Учиться ему оставалось — пустяк.
Но и жить оставалось пустяк. Год.
Отец давно уже поплевывал в баночку. Регулярно приходила сестра Моисеенко из туберкулезного диспансера, забирала баночку, говорила: «Неплохо, Федор Павлович, анализы неплохие. Поедете опять летом в санаторий, совсем поправитесь». Но в коридоре шептала: «Ах, не спрашивай, Клава… Не спрашивай». Однажды вечером я бездумно наблюдал его работу, положив подбородок на чертежную доску. Вдруг — я никогда не забуду отчаяния, на секунду исказившего его лицо, — он рывком откинулся назад, с силой отшвырнул меня от стола, я упал, он ударился головой о стену. Я вскочил. По чертежам ручейками стекала кровь. Побежали за льдом. Отца уложили. Его серое лицо снова было спокойно.
Болезнь пошла в лобовую атаку. С каждым днем ему становилось теперь все хуже. Семья заметалась. «Сала, сала собачьего! Сала — легкие зарубцуются». Митя украл у одной худенькой старушки ее давно обсмеянную братьями толстую болонку и зарубил топором. «Нет, не то. Не то это! Говорят вам — не собачьего, барсучьего…» Братья поехали на охоту, убили барсука. Отец покорно глотал кусочки розового сырого жира. Но кровь хлестала. Лицо опало. Глаза провалились еще глубже; еще светились, но не здешним уже светом. Впрочем, они у него и прежде смотрели откуда-то оттуда. «Ладанку, — сказала мать. — Мне дали молитву особую. Заложить надо в грецкий орех». Все молчали. Почему орех? Но утопающий хватается за соломину.

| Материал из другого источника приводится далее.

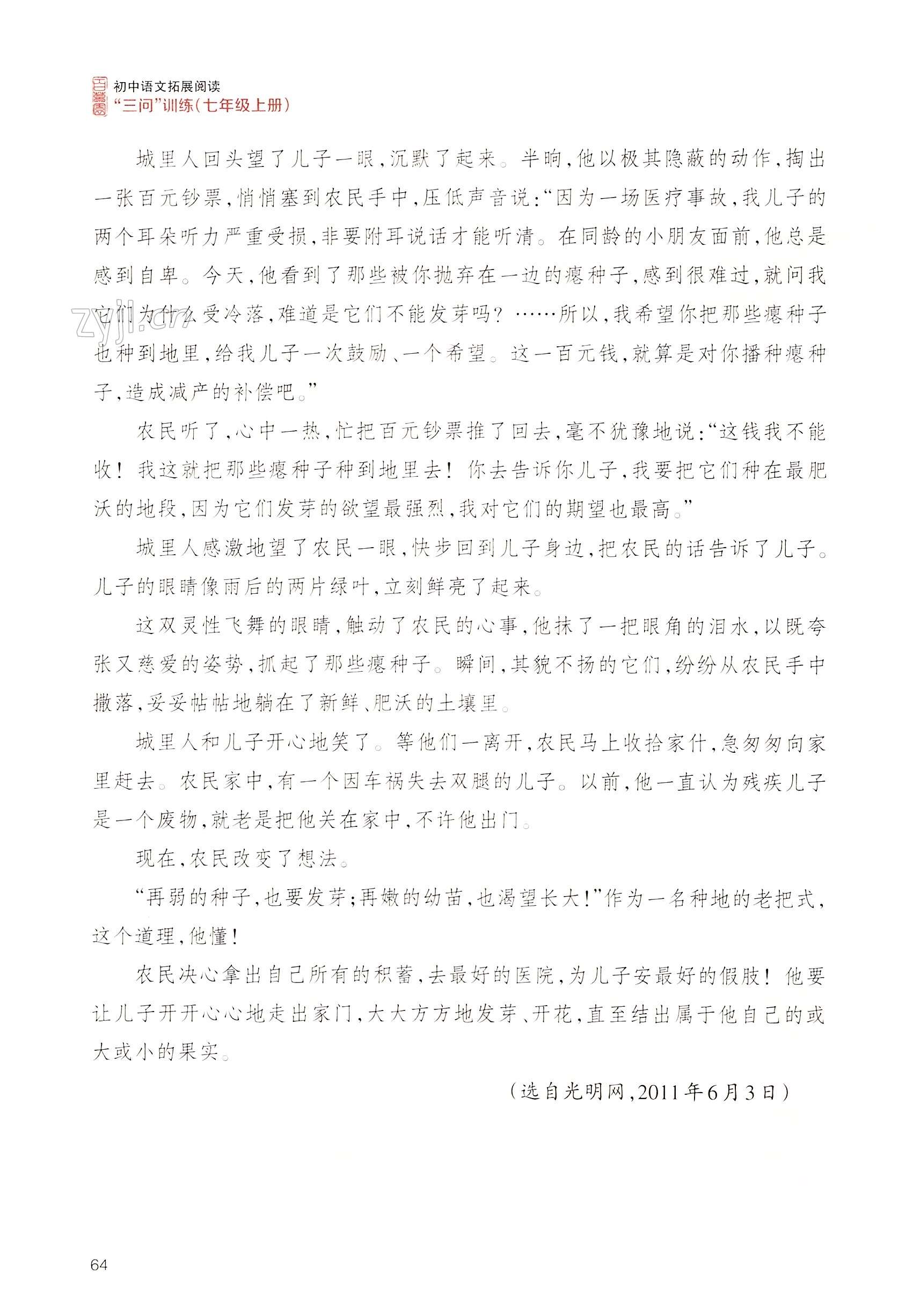 注:目前有些书本章节名称可能整理的还不是很完善,但都是按照顺序排列的,请同学们按照顺序仔细查找。练习册 2022年拓展阅读三问训练七年级语文上册人教版 答案主要是用来给同学们做完题方便对答案用的,请勿直接抄袭。

Мать переписала молитву, аккуратно вложила бумажку в скорлупки; Петя склеил, повесил отцу на шею на серебряной цепочке. Бабушка добавила крестик. Отец не сопротивлялся. Кровь хлестала.

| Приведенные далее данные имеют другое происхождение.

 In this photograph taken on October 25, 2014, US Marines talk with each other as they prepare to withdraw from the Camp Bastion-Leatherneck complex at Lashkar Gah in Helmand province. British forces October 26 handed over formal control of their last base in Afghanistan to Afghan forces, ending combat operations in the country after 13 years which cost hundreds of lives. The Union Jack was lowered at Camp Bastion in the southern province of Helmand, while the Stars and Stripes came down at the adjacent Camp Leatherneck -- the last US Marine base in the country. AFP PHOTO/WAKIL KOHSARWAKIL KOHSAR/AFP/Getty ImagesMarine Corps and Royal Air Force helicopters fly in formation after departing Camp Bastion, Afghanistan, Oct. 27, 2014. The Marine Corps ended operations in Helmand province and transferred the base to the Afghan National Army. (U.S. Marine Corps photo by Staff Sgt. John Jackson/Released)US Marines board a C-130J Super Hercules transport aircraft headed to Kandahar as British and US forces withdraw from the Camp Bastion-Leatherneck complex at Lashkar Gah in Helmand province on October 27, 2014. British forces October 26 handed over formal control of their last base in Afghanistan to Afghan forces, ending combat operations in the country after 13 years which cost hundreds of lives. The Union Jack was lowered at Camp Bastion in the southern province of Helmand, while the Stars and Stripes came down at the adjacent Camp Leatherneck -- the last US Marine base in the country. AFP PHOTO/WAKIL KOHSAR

Неожиданно близкий друг отца, красивый, молодой военный инженер — застрелился. Он приходил к нам чуть не каждый день, отец помогал ему что-то там проектировать. И вдруг — на тебе. Из-за чего?
«Из-за меня, — веселым голосом объявила мама. — Не на ту напал. Ошибся в проекте, мальчик. А я роковая женщина. Поглядел на меня только, и хоп, — нету инженера. Федя, я роковая женщина! Я Кармен. Федя… Федюша…»
Но Федюша был уже по ту сторону страстей человеческих.
В марте 1933 года, когда я заканчивал свой первый класс, отец скончался. Я помню эту ночь. Отец хрипел, распростертый на постели. Взрослые по очереди держали его за руку, сидя на кровати. Обо мне забыли. Я лежал на диванчике напротив, смотрел на его слепое лицо, слушал бесконечные, непереносимые — хрип, бульканье, свист; я ничего не чувствовал, кроме тягучей тяжести, как при болезни, когда снится один и тот же навязчивый сон; потолок опускается, ниже, ниже — и чем ближе, тем тоскливее на душе. К утру бабушка начала читать отходную — вместо священника: где теперь найдешь попа? Но мама налетела, зашептала с яростью: «Не умирает, не умирает еще, не каркай!» и бабушка смиренно остановилась. Братья молчали, сидели оба на кровати, безотрывно глядя на отца и держа его руки в своих руках.